Aim of the task
In the copy, include every entry exactly but none of its images.

Dataset items
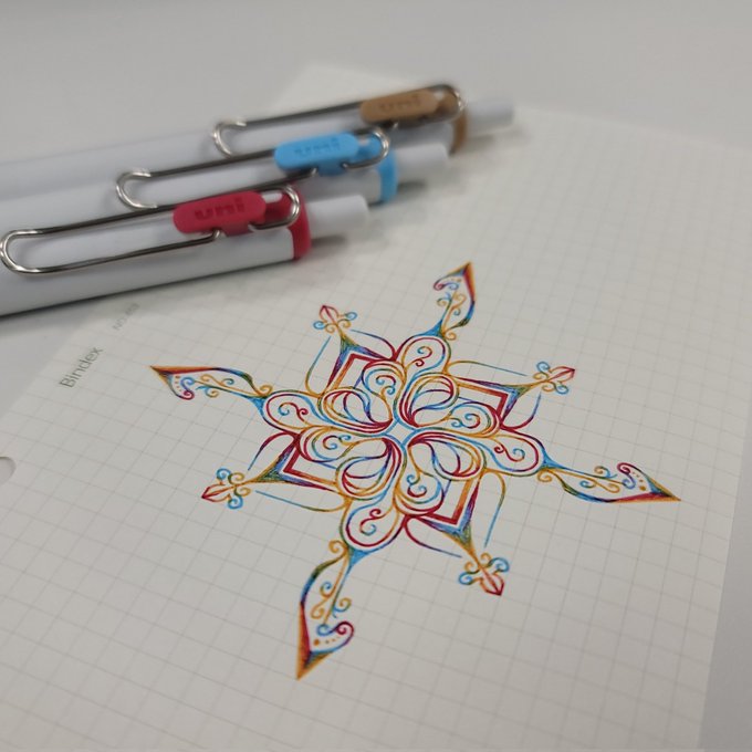 みんな……みんな聞いて……三菱鉛筆のユニボールワンすごい…… 冬のカラーセットで綺麗な模様とグラデが描けたからうはうはでお外で撮ったら……風が強くて水の中にドボン。 でも!!滲まない!! 水性顔料ゲルインキってすごーい…… (喜んでいいのか悲しんでいいのか) 綺麗に乾くといいな……
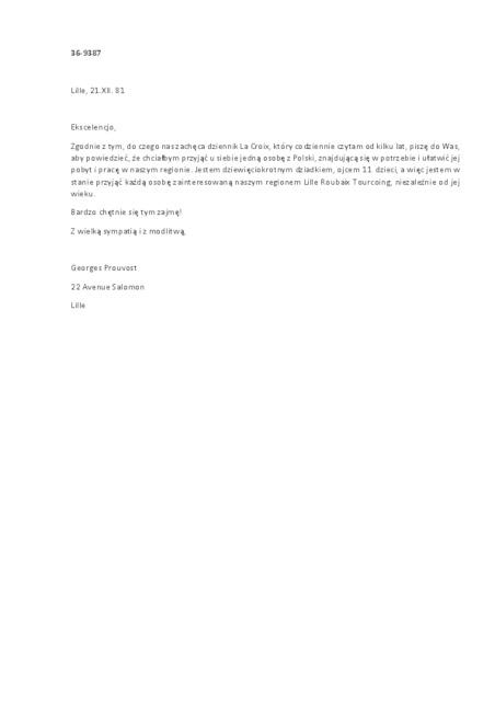 Kolekcja: | Archiwa > Francuskie listy do księdza kardynała Józefa Glempa z okresu stanu wojennego > 36-9275-9428 |
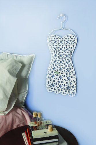 -. Feature : Chantilly jewelry organizer by Umbra / Constructed of white powder-coated metal / Decorative stamped metal design with tab hooks provides numerous places for hanging jewelry / 20-1/4 Inch by 3/4 Inch by 9 Inch; mounting hardware included / Designed by Moe Takra
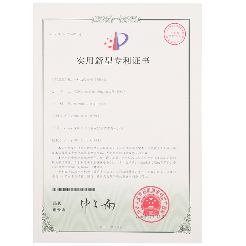 • “故障電弧檢測軟件”著作權登記證書
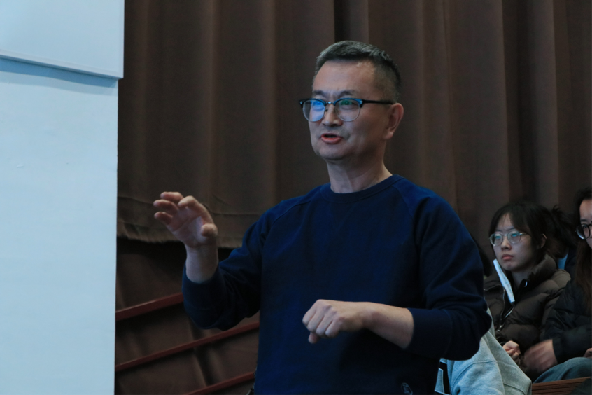 影片放映结束后,李斌兵导演就影片内容与现场观众进行了深度交流,并分享自己的创作心得。李斌兵首先对参与影片制作的老师、同学致以诚挚的感谢,并表示这部电影是他献给故乡的一封情书,希望在座的各位都能拥有创作激情,勇敢的去尝试创作。针对王浩同学提出的,如何避免自己的作品出现阳春白雪、大众难以认可的情况。李斌兵表示,在平衡个人情感表达和广泛观众共鸣上,不仅要忠于内心创作,也要重视技术层面的提升,个人生活阅历也极其重要。阅历的缺乏可能会导致创作在故事深度、角色塑造、情感共鸣、文化背景描绘以及创新灵感方面受到限制,因此平时要多积累、多留心观察。到场的各位老师也针对影片发表了自己的观点。吴婧雯赞扬了导演的高超的构图和拍摄手法,并对影片诗意的画面质感予以高度评价。冯晓临针对影片提出了三个问题,这些问题也都是大家内心都有的疑惑,导演的回答让我们更深刻、更透彻地领悟了这部影片。
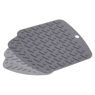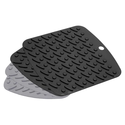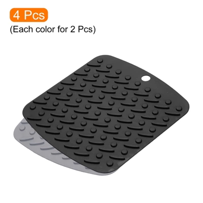 The silicone trivets are crafted from quality silicone material, offering heat resistance, waterproof capabilities, and a non-slip surface. These mats are flexible and durable, ensuring they remain in shape even after twisting or pulling. With a heat resistance range of -104℉ to 446℉, they protect countertops from hot pots and are safe for use in ovens, freezers, microwaves, and dishwashers. Their easy-to-clean nature allows for hand washing or dishwasher use, and they can be conveniently stored in a drawer or hung on a hook. These versatile trivets also serve as pot holders, placemats, coasters, spoon holders, and more.

Solution to the exercise
 みんな……みんな聞いて……三菱鉛筆のユニボールワンすごい…… 冬のカラーセットで綺麗な模様とグラデが描けたからうはうはでお外で撮ったら……風が強くて水の中にドボン。 でも!!滲まない!! 水性顔料ゲルインキってすごーい…… (喜んでいいのか悲しんでいいのか) 綺麗に乾くといいな……
 Kolekcja: | Archiwa > Francuskie listy do księdza kardynała Józefa Glempa z okresu stanu wojennego > 36-9275-9428 |
 -. Feature : Chantilly jewelry organizer by Umbra / Constructed of white powder-coated metal / Decorative stamped metal design with tab hooks provides numerous places for hanging jewelry / 20-1/4 Inch by 3/4 Inch by 9 Inch; mounting hardware included / Designed by Moe Takra
 • “故障電弧檢測軟件”著作權登記證書
 影片放映结束后,李斌兵导演就影片内容与现场观众进行了深度交流,并分享自己的创作心得。李斌兵首先对参与影片制作的老师、同学致以诚挚的感谢,并表示这部电影是他献给故乡的一封情书,希望在座的各位都能拥有创作激情,勇敢的去尝试创作。针对王浩同学提出的,如何避免自己的作品出现阳春白雪、大众难以认可的情况。李斌兵表示,在平衡个人情感表达和广泛观众共鸣上,不仅要忠于内心创作,也要重视技术层面的提升,个人生活阅历也极其重要。阅历的缺乏可能会导致创作在故事深度、角色塑造、情感共鸣、文化背景描绘以及创新灵感方面受到限制,因此平时要多积累、多留心观察。到场的各位老师也针对影片发表了自己的观点。吴婧雯赞扬了导演的高超的构图和拍摄手法,并对影片诗意的画面质感予以高度评价。冯晓临针对影片提出了三个问题,这些问题也都是大家内心都有的疑惑,导演的回答让我们更深刻、更透彻地领悟了这部影片。
 The silicone trivets are crafted from quality silicone material, offering heat resistance, waterproof capabilities, and a non-slip surface. These mats are flexible and durable, ensuring they remain in shape even after twisting or pulling. With a heat resistance range of -104℉ to 446℉, they protect countertops from hot pots and are safe for use in ovens, freezers, microwaves, and dishwashers. Their easy-to-clean nature allows for hand washing or dishwasher use, and they can be conveniently stored in a drawer or hung on a hook. These versatile trivets also serve as pot holders, placemats, coasters, spoon holders, and more.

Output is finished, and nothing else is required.